Records for processing –
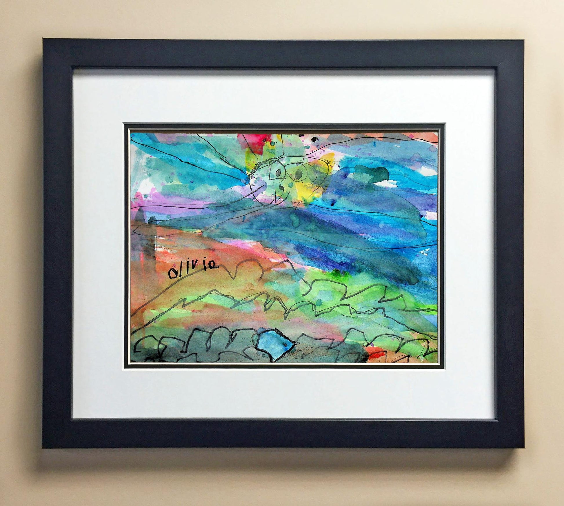 Included with the purchase is the Students Artwork, Frame, double matboard, shatter proof plexiglass, and a ready to hang backerboard with turnbuttons
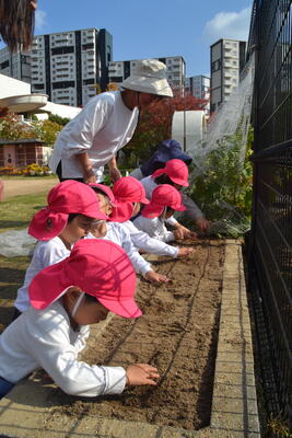 阪神淡路大震災で亡くなったみりちゃんが育てていたえんどう豆の種を、なでしこ組さんがばら組の時から大事に育て、5月にたくさん収穫しました。その種をなでしこ組さんが、ばら組さんに育ててくれるようお願いしました。
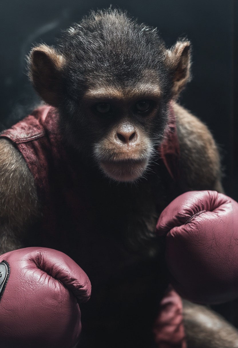A fierce-looking monkey man stands in the center of a dimly lit boxing ring, wearing a sleek, crimson boxing suit with intricate stitching and well-worn pink boxing gloves that hint at previous battles. Its muscles are tense, and its wide, intense eyes burn with determination, ready to strike. The monkey stands in a low, threatening stance, as if preparing to lunge forward with lightning speed. Sweat glistens on its fur, catching the light from overhead boxing ring lamps that cast dramatic shadows on its face and body. The perspective is dynamic, with the monkey appearing mid-motion, as though it's about to leap toward the viewer, creating a sense of action and intensity. The background shows the faint, blurred outlines of the boxing ring ropes and darkened audience seating, giving the setting a gritty, realistic atmosphere with a sense of high-stakes competition,aidmaMJ6.1,aidmaHyperrealism
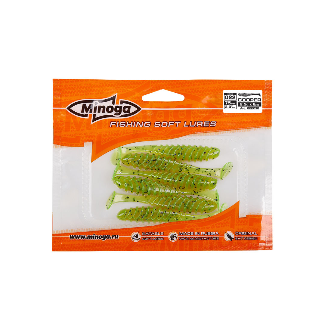 Виброхвост Minoga COOPER имеет удлиненное ребристое треугольное тело, которое создает шумы в водной среде, заставляя тем самым, обратить на себя внимание любому, даже самого пассивному хищнику. Отлично монтируется на офсетный, двойной или одинарный крючок. Приманка работает даже при самой медленной проводке! Cooper делается, как и все приманки MINOGA из мягкого съедобного силикона, с содержанием как вкусовой, так и ароматической добавки. Основным объектом ловли на данную приманку является окунь, судак и щука.
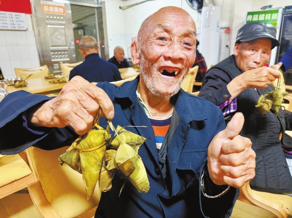 5月29日,通道侗族自治县社会福利院,收到“爱心粽子”的老人开心不已。当天,爱心市民来到该福利院,陪伴老人提前过端午节,让老人们感受到社会大家庭的温暖。
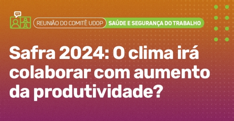 Na segunda-feira (19), às 10h (horário de Brasília), a UDOP - União Nacional da Bioenergia realizará a reunião on-line de seu Comitê de Saúde e Segurança do Trabalho. O tema central será "Safra 2024: O clima irá colaborar com o aumento da produtividade?".
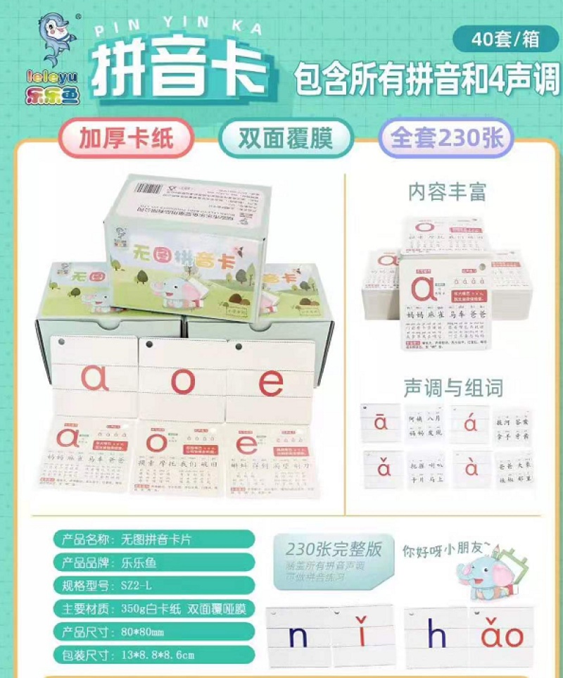 252张儿童认识学习的生字卡。环保白卡纸张,
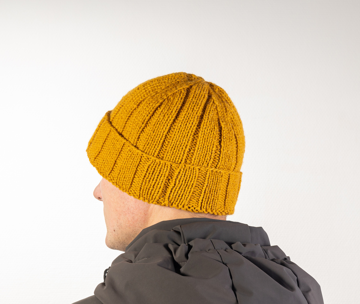 Подробное описание вязания Мужской шапки с фиксированным отворотом! Для вязания я использовала пряжу ALIZE Lanagold 800, цвет 645, длинна 730 метров в 100 гр., 49% шерсть, 51% акрил в 4 сложения, получается толщина 180 м в 100 гр. Также для вязания понадобится: спицы № 3.5 круговые 40 см 2 шт, трикотажная игла, крючок. Шапка связана на размер 54/56. Ширина шапки 52 см, высота отворота 6,5 см, высота шапки 21 см. Плотность вязания в 10 см 18 петель и 23 ряда. Размер можно увеличить или уменьшить, используя спицы большего или меньшего диаметра, так же можно взять пряжу меньшей или большей толщины. Главное, что шапка вяжется из 96 петель. Для вязания на спицы № 3.5 длина лески 40 см. набираем 97 петель, 96 для вязания кокетки и 1 петлю для замыкания вязания в круг. Вешаем маркер начала ряда. Рапорт узора состоит из 6 петель: 4 лицевых, 2 изнаночных. Всего в 96 петлях 16 рапортов. Вяжем по кругу 15 рядов 16 ряд все петли изнаночные. В 17 ряду переворачиваем вязание на изнаночную сторону и
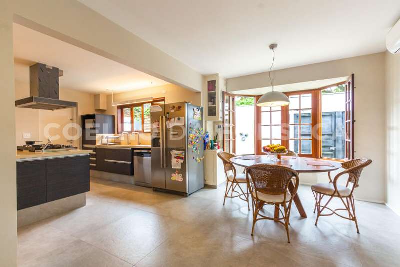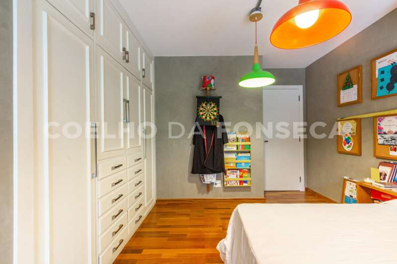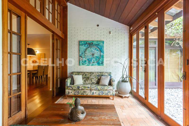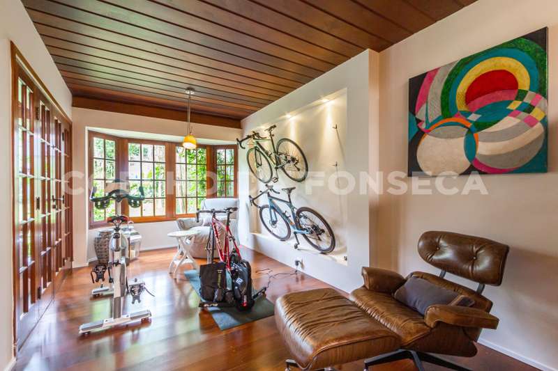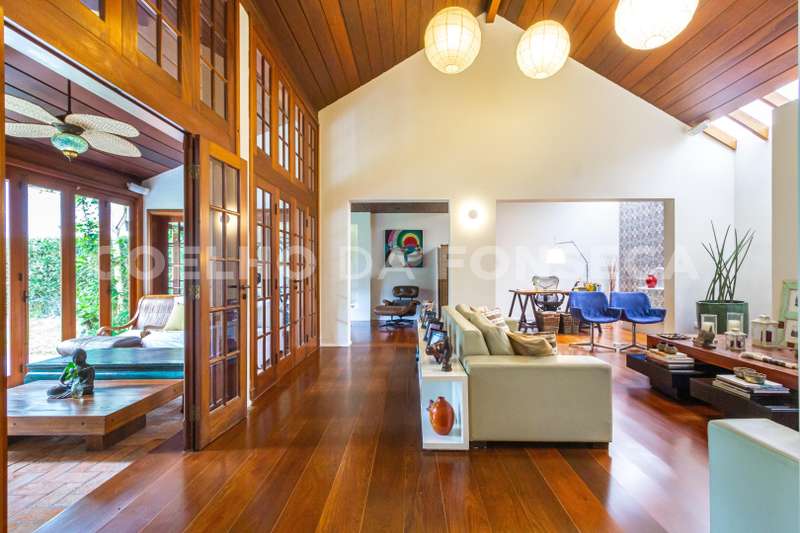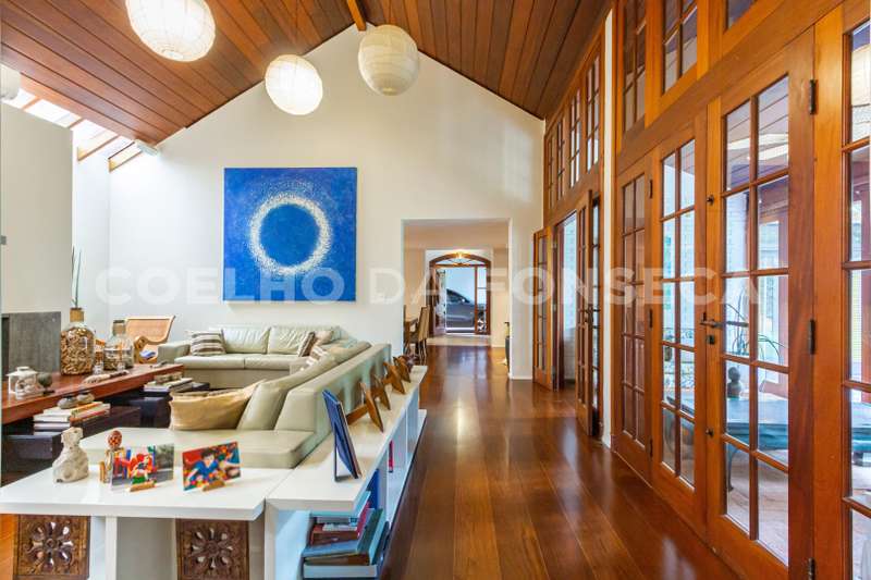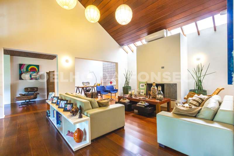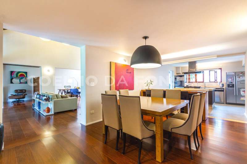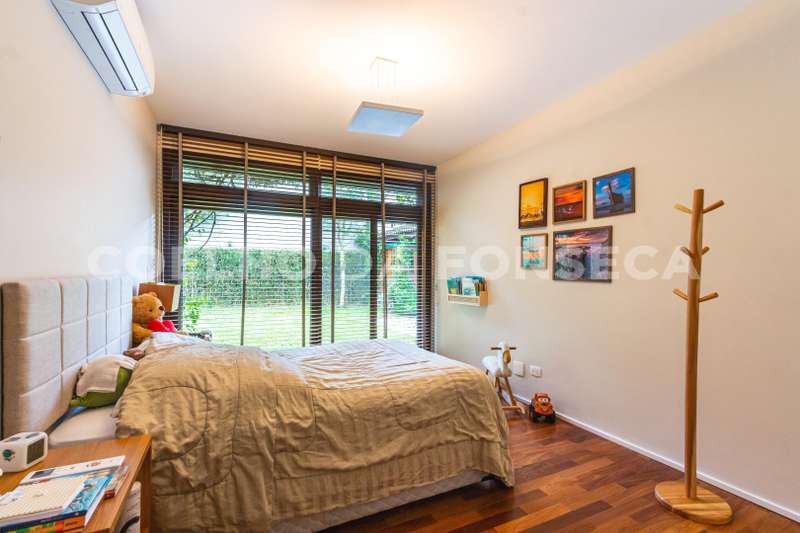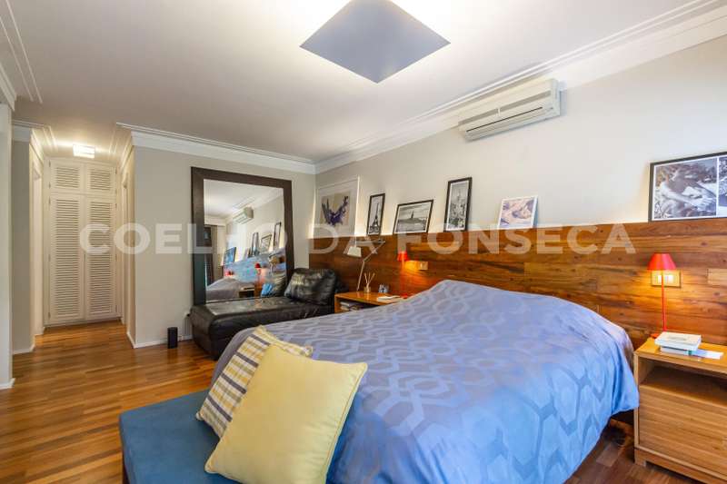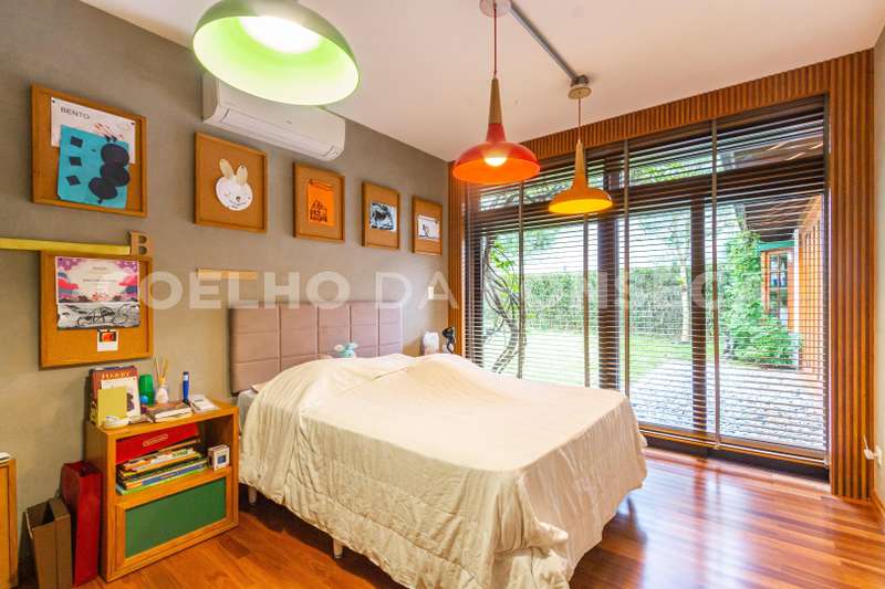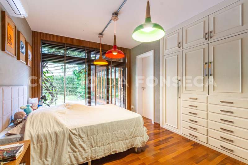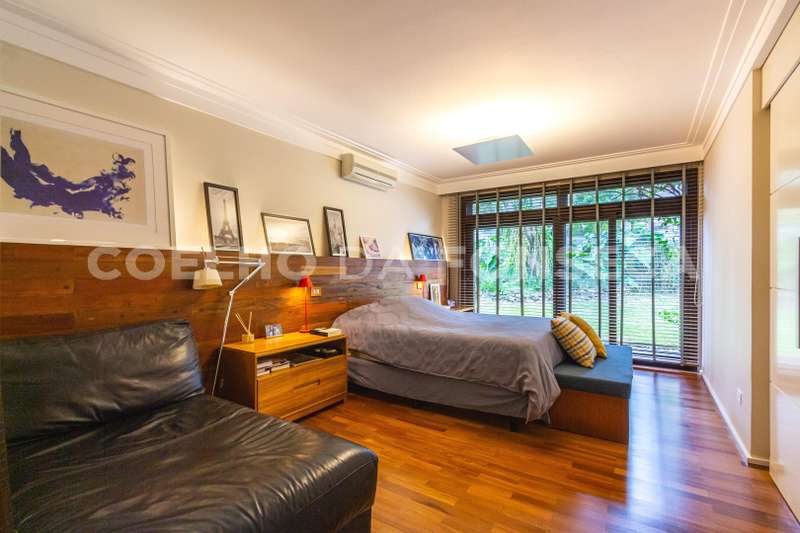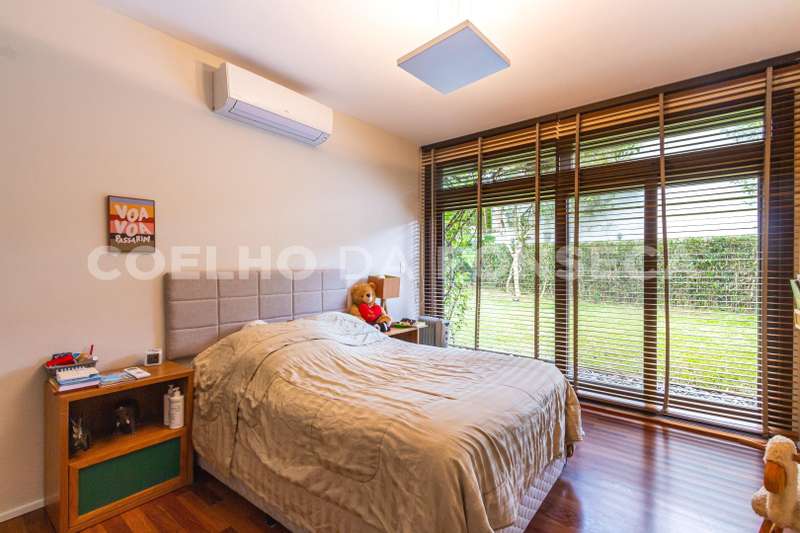 4 dormitórios todos com ar condicionado, sendo 3 suítes, uma Master com banheiros senhor e senhora, closets duplos, living para 3 amplos ambientes, sala de jantar, TV e varanda integrada, cozinha com integração para copa, escritório no mezanino, jardim com amplo e agradável, 5 vagas de garagem.

Work instructions –
If pictures appear in the data, omit them and copy all other parts exactly.

Task response –
 Included with the purchase is the Students Artwork, Frame, double matboard, shatter proof plexiglass, and a ready to hang backerboard with turnbuttons
 阪神淡路大震災で亡くなったみりちゃんが育てていたえんどう豆の種を、なでしこ組さんがばら組の時から大事に育て、5月にたくさん収穫しました。その種をなでしこ組さんが、ばら組さんに育ててくれるようお願いしました。
A fierce-looking monkey man stands in the center of a dimly lit boxing ring, wearing a sleek, crimson boxing suit with intricate stitching and well-worn pink boxing gloves that hint at previous battles. Its muscles are tense, and its wide, intense eyes burn with determination, ready to strike. The monkey stands in a low, threatening stance, as if preparing to lunge forward with lightning speed. Sweat glistens on its fur, catching the light from overhead boxing ring lamps that cast dramatic shadows on its face and body. The perspective is dynamic, with the monkey appearing mid-motion, as though it's about to leap toward the viewer, creating a sense of action and intensity. The background shows the faint, blurred outlines of the boxing ring ropes and darkened audience seating, giving the setting a gritty, realistic atmosphere with a sense of high-stakes competition,aidmaMJ6.1,aidmaHyperrealism
 Виброхвост Minoga COOPER имеет удлиненное ребристое треугольное тело, которое создает шумы в водной среде, заставляя тем самым, обратить на себя внимание любому, даже самого пассивному хищнику. Отлично монтируется на офсетный, двойной или одинарный крючок. Приманка работает даже при самой медленной проводке! Cooper делается, как и все приманки MINOGA из мягкого съедобного силикона, с содержанием как вкусовой, так и ароматической добавки. Основным объектом ловли на данную приманку является окунь, судак и щука.
 5月29日,通道侗族自治县社会福利院,收到“爱心粽子”的老人开心不已。当天,爱心市民来到该福利院,陪伴老人提前过端午节,让老人们感受到社会大家庭的温暖。
 Na segunda-feira (19), às 10h (horário de Brasília), a UDOP - União Nacional da Bioenergia realizará a reunião on-line de seu Comitê de Saúde e Segurança do Trabalho. O tema central será "Safra 2024: O clima irá colaborar com o aumento da produtividade?".
 252张儿童认识学习的生字卡。环保白卡纸张,
 Подробное описание вязания Мужской шапки с фиксированным отворотом! Для вязания я использовала пряжу ALIZE Lanagold 800, цвет 645, длинна 730 метров в 100 гр., 49% шерсть, 51% акрил в 4 сложения, получается толщина 180 м в 100 гр. Также для вязания понадобится: спицы № 3.5 круговые 40 см 2 шт, трикотажная игла, крючок. Шапка связана на размер 54/56. Ширина шапки 52 см, высота отворота 6,5 см, высота шапки 21 см. Плотность вязания в 10 см 18 петель и 23 ряда. Размер можно увеличить или уменьшить, используя спицы большего или меньшего диаметра, так же можно взять пряжу меньшей или большей толщины. Главное, что шапка вяжется из 96 петель. Для вязания на спицы № 3.5 длина лески 40 см. набираем 97 петель, 96 для вязания кокетки и 1 петлю для замыкания вязания в круг. Вешаем маркер начала ряда. Рапорт узора состоит из 6 петель: 4 лицевых, 2 изнаночных. Всего в 96 петлях 16 рапортов. Вяжем по кругу 15 рядов 16 ряд все петли изнаночные. В 17 ряду переворачиваем вязание на изнаночную сторону и
 4 dormitórios todos com ar condicionado, sendo 3 suítes, uma Master com banheiros senhor e senhora, closets duplos, living para 3 amplos ambientes, sala de jantar, TV e varanda integrada, cozinha com integração para copa, escritório no mezanino, jardim com amplo e agradável, 5 vagas de garagem.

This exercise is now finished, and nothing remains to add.